Social Divide: Focus on China

(Guiyang, Guizhou 1986-90) The “peasant” children, as they were called, won my heart. Waist high in stature and clod in floppy unlaced shoes, they paraded around campus, prancing about in their rolled up army fatigues with sleeves that drooped to their knees. Although uneducated, they showed all the signs of ingenuity—prodigies of the American “Spanky and his gang!”

With the advent of every new day, they came up with a striking new invention: tops spun to the crack of a whip, metal rings wheeled with iron rods, playing cards flipped by a smack of the hand on the ground after sealing a bet.

The barrier between us seemed insuperable. From a distance, the kids gustily shouted: “Kallo” (presumably to be interpreted as ‘hello’) and “Lo!” for ‘No’. One time, a red-blooded toddler breezed by me. Faking a limp, he happily shouted, “Bye-bye! Bye-bye!”[1] Onlooking students split with laughter.

I went to all lengths in striking up a conversation with the lads.

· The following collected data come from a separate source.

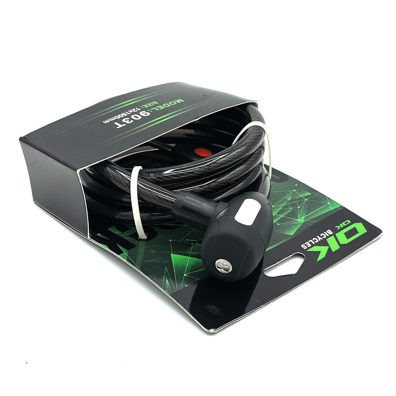 قفل موتور و دوچرخه برند اوکی - دارای روکش پی وی سی و ضد سایش - به طول 1.5 متر (یک و نیم متر) و ضخامت 12 میل می باشد. دارای دو عدد کلید کامپیوتری در داخل بسته بندی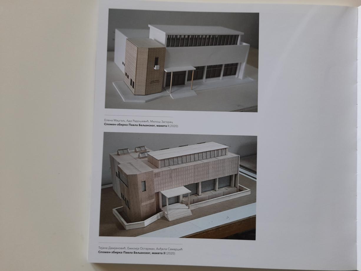 Na izložbi su prikazane vredne fotografije i arhivski materijal iz Spomen-zbirke Pavla Beljanskog, Narodne biblioteke Srbije, Muzeja hvarske baštine, brojnih privatnih zbirki, kao i novinske članke koji će dočarati raspoloženje javnosti iz vremena otvaranja Spomen-zbirke i podsetiti na značaj koji je sam događaj imao za tadašnji kulturni život grada i države. U posebnom segmentu je izložena likovna ostvarenja arhitekte iz zaostavštine porodice, kao i dve makete zgrade koje su uradili studenti Departmana za arhitekturu i urbanizam Fakulteta tehničkih nauka u Novom Sadu pod mentorstvom svojih profesora.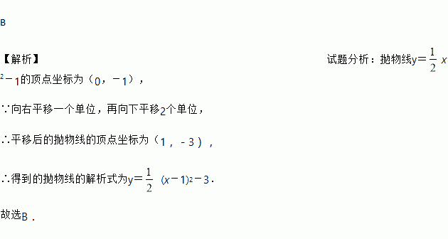 把抛物线先向右平移1个单位,再向下平移2个单位,得到的抛物线的解析式为( )。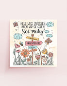 Der Wegweiser mit seinen sanften Botschaften steht für Entscheidungen, Vertrauen und die Freiheit, dem eigenen Herzen zu folgen. Zwischen Blumen, Schmetterlingen und kleinen Details entfaltet sich eine positive, hoffnungsvolle Stimmung, die Mut macht und Zuversicht schenkt.
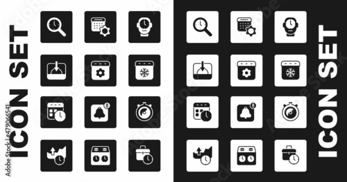 Set Clock, Calendar spring, Sunset, Magnifying glass with clock, winter, settings, Stopwatch and and icon. Vector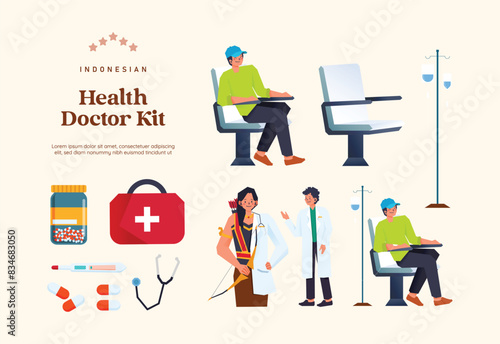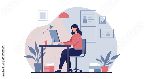 Airport waiting hall. Girl passenger with luggage, passport and ticket waiting for flight, flat vector illustration. Airport lounge. Travel by plane.

With nervous giggles, they just prodded one another with their elbows, which was their cue to “cut and run.” After all, they had never seen a foreigner before!

But the bottom line was that hostilities had put an irreparable rift between peasants and teachers. An ever-expanding economy favored the social mobility of farmers, who vaunted their accumulated wealth in newly constructed homes that were heralded by thousands of firecrackers set off round-the-clock. Locked into the same low salary, teachers were behoved to dwell in outdated blocks of apartment complexes for life.

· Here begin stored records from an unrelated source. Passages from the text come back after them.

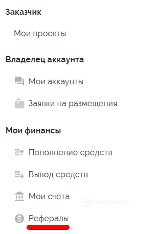2. Перейти в личный кабинет. Выбрать раздел «Мои финансы» — «Рефералы».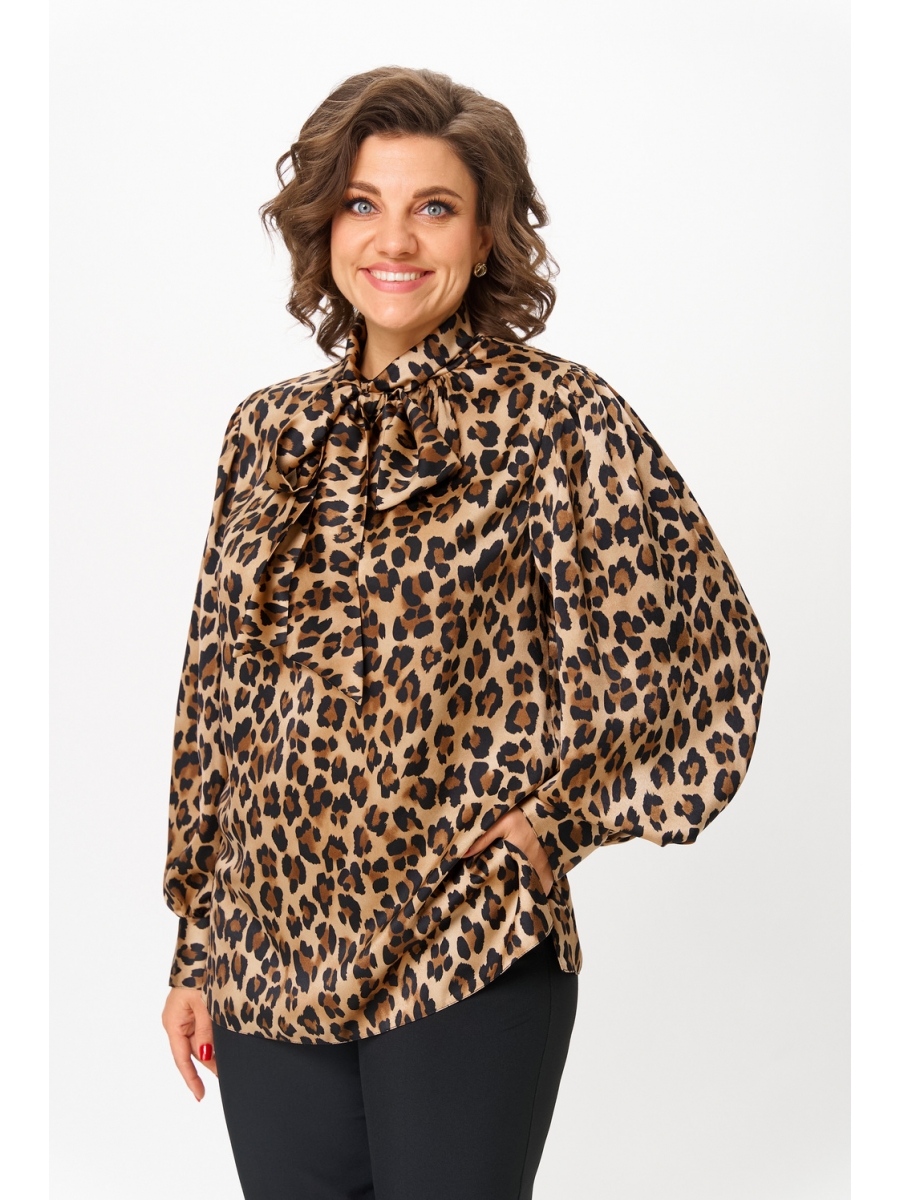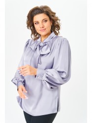 Блузка женская полуприлегающего силуэта, с втачным рукавом. Горловина v-образная со сборкой и воротником - хомут переходящим в бант. Рукав длинный, присборенный по окату и низу рукава, на манжете с застежкой на петли и пуговицы. В боковых швах обработаны разрезы.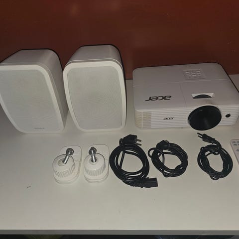 Planen var å ha den i kjeller på treningsrom. Ustabilt nett i kjelleren, så har valgt å kjøpe en liten tv som skrus opp på veggen. Projektor kun åpnet og testet at den funker.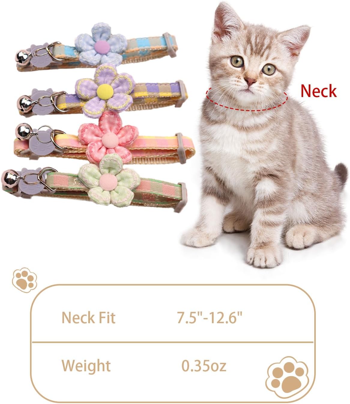 Customers find the cat collar cute and easy to adjust and unlatch. The size receives mixed feedback, with some saying the flower is the right size while others find it too big for their kittens. The durability is concerning, with one customer reporting that the bells fall off easily.
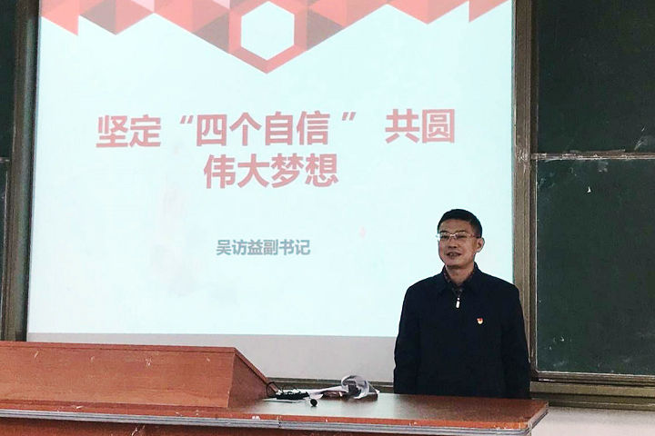 12月6日,校党委副书记吴访益在连江校区诚信楼中阶2给学生上了一堂题为《坚定“四个自信” 共圆伟大梦想》的党课。XK星空部分教师党员、部分学生入党积极分子和2018级会计1、2班学生共一百多人参加学习。

Consciously swimming against the tide, I did all I knew in showing as little partiality as possible to anyone and as much interest as possible in everyone, willing to take the risk that, in socializing with the “outcasts,” I would be classified among them.

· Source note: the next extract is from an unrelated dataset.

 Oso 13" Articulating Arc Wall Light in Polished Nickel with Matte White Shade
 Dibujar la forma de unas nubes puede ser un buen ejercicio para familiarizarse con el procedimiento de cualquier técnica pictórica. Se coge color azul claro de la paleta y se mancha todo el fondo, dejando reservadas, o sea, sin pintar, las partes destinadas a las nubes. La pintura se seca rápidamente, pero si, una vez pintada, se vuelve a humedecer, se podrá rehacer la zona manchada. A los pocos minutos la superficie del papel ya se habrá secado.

Whatever the cost, I unabashedly set out to touch shoulders with the so-called “peasants.” My first hurdle in assimilating to their lifestyle was to grasp the local dialect, which got me an instant “in” with the “commoners” even when I butchered it. Since no school taught the local vernacular, I had to find an authentic classroom somewhere nearby.

Creatively wallpapered with crinkled newspapers and carpeted with nature’s dirt floor, “mamma’s” noodle house was my favorite greasy spoon. She was a heavyset peasant woman whose menu featured one speciality of the day—noodle soup with a heaping glob of pork fat, spiked with red hot pepper of the highest degree.

Her family and friends took a liking to me right off the bat. Mamma’s soup house was neutral ground for unhampered intercourse with society. Plus, the food shacks that mamma and others ran had an alluring affect on me. Oh! And with their help, I did master the dialect!

[1] The phrase “băi băi” in Chinese means ‘to walk with a limp’!